Es gibt viele Möglichkeiten über Dietmar Daths Zukunfts-Roman „Feldeváye“ zu sprechen; genauso wie es viele Möglichkeiten gibt, mit der Kunst über Kunst zu sprechen. Die Frage ist jetzt: (Bitte fügen Sie hier Ihre persönliche Frage an die Kunst und den Roman von Dietmar Dath ein. Sie werden sehen: der nachfolgende Text hält Antworten parat!)

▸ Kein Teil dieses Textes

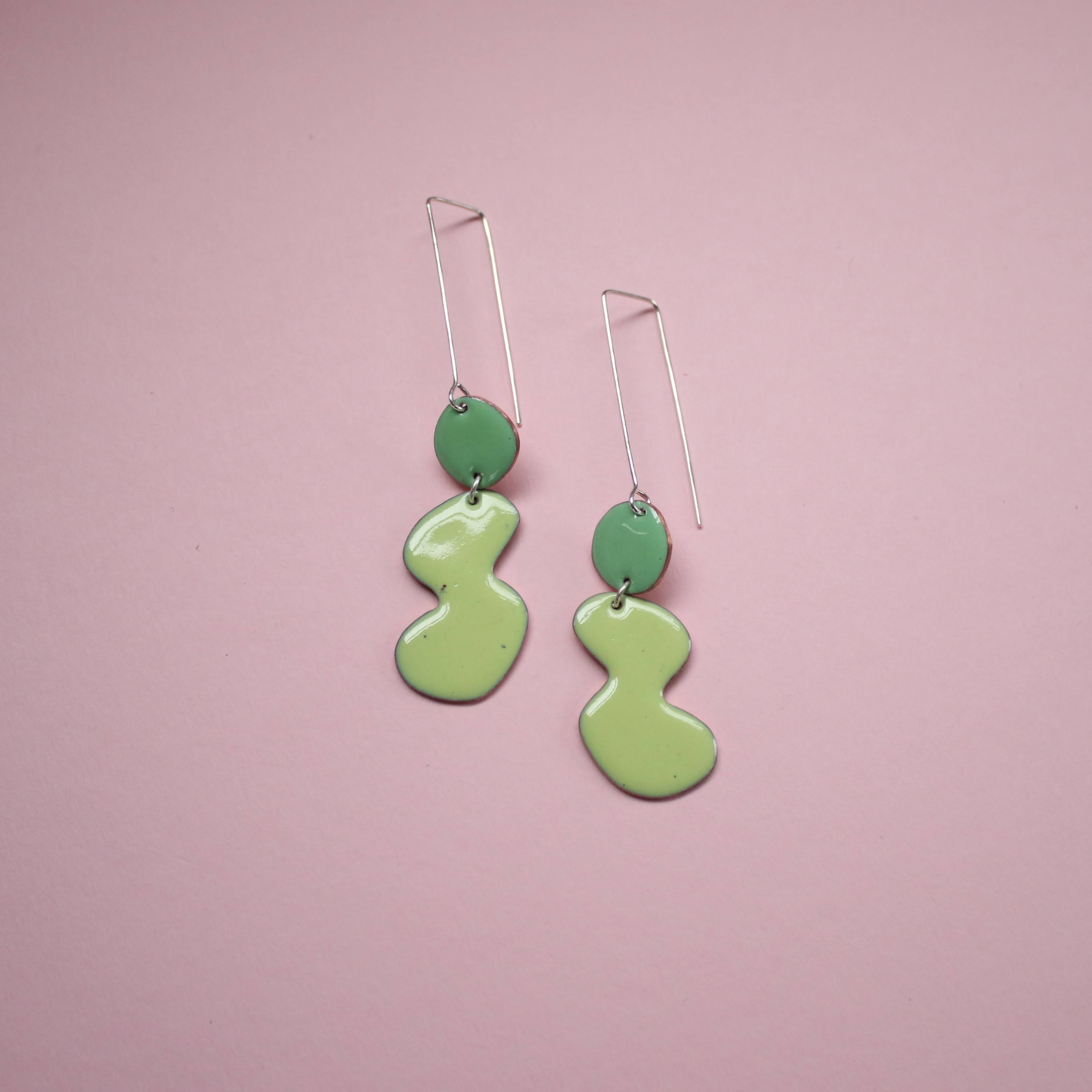 Green enamel squiggle statement earrings. Handmade with recycled sterling silver and copper.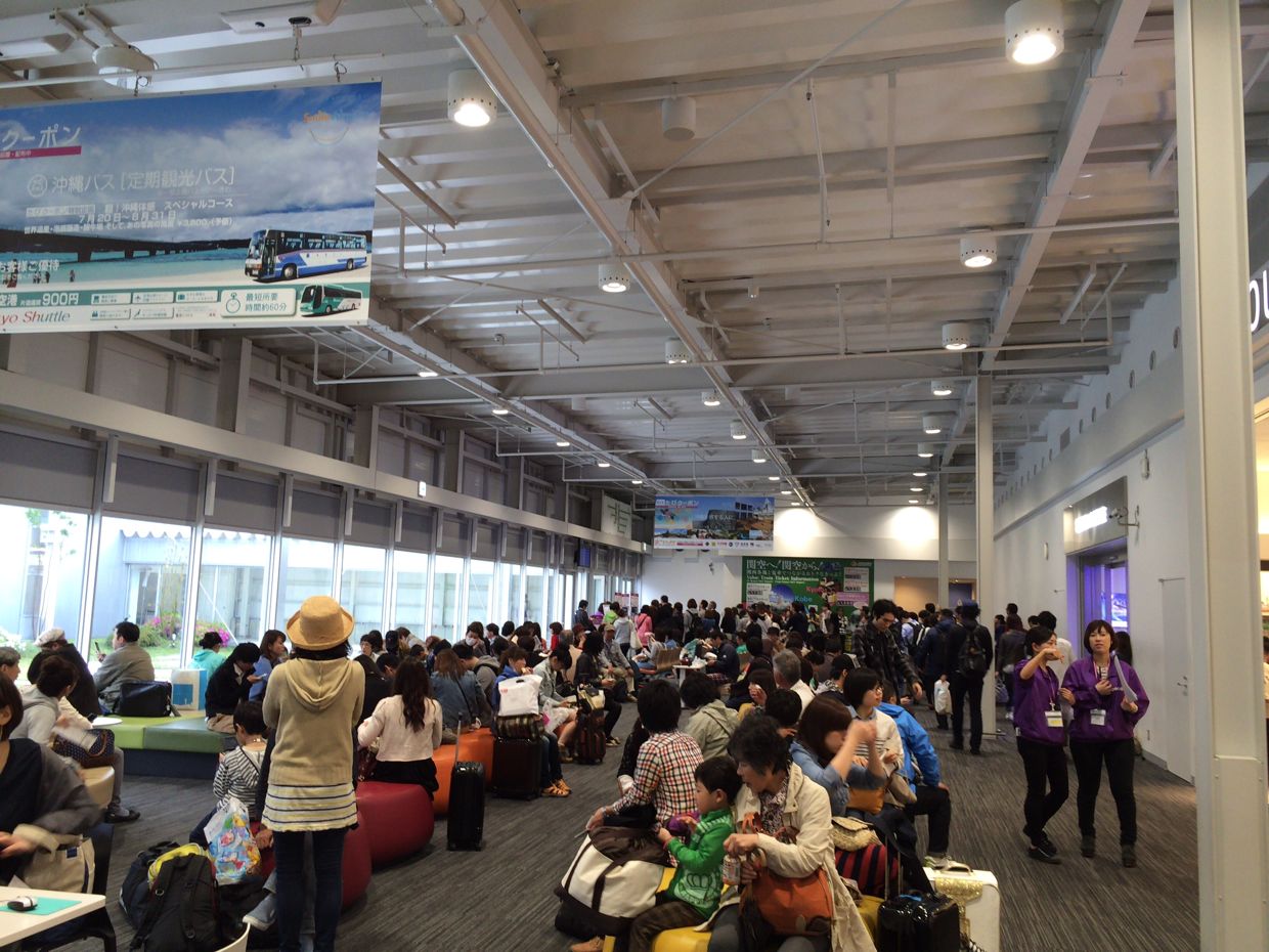 保安検査場を通過。作りがしょぼいです。仕方ないけども。 ちなみにこの日は成田行きが欠航してて混雑。

Natürlich kann man so eine Rezension mit einem Exkurs auf Heidegger beginnen. Der sagte mal, dass nur im Kunstwerk die Wahrheit am Werk ist. Künstler und Leser interessieren einen Scheiß. Dann müssten wir uns nicht mit dem Dath als Autor beschäftigen, der bekanntlich super-produktiv ist und mit „Pulsarnacht“ ein großartiges, gewitztes Buch geschrieben hat, das auch noch unterhaltsam und lesbar ist, gleichzeitig aber den Leser immer wieder dazu zwingt, sich aus der süffigen Story hinauszuhieven.
Wir müssten uns dann mit „Feldeváye“ als Werk beschäftigen, das stellenweise nicht mehr unterhaltsam und lesbar ist sondern Wahrheit verbirgt und eröffnet, die im Werk am Werk ist und Bezüge herstellt und sie wieder verdeckt und so weiter …

Sie sehen, das wird sehr dunkel werden.

Manchmal ist das Buch so ironisch distanziert zu seinem Genre und ein anderes Mal ist es ironisch distanziert zu seiner ironischen Distanz zum Genre, dass man als Leser nicht mehr weiß, ob man sich gerade Astrid Lindgren oder K.I.Z. reinzieht. Manchmal geht es um suizidale Teenager, die sich biologisch codierte Kunsterlebnisse in Form von Virusinfektionen geben. Sie fühlen Kunst und werden krank. Manchmal geht es um Teenager-Mädchen, die in einer matriarchalischen Gesellschaft von Schnapsbrennerinnen leben. Kunstwerke dienen als Brennstoff für Distillen. Dann bedröhnt man sich mit dem Fusel.

Natürlich kann man so eine Rezension auch mit einem Exkurs auf Luhmann beginnen. Kunst ist entweder TSCHÖN oder ist GAR NICHT TSCHÖN, und nicht wahr oder wichtig oder richtig oder treffend oder gut oder so oder sonst ein Scheiß.
Dann müssten wir uns mit dem Autor in dem Roman „Feldeváye“ beschäftigen, der immer zwischendurch so Prosa schreibt wie ein Dylan Thomas-Verschnitt für 5€ aus’m Aldi, der im Suff vergessen hat, das er eigentlich verdichten wollte anstatt zu schwätzen.

Ich finde diesen Autor in Daths Roman „Feldeváye“ nicht sexy, nicht derbe sondern charmelos, gezwungen, albern und gar nicht so wie Thomas oder auch Hank, mein geliebter Hank!!!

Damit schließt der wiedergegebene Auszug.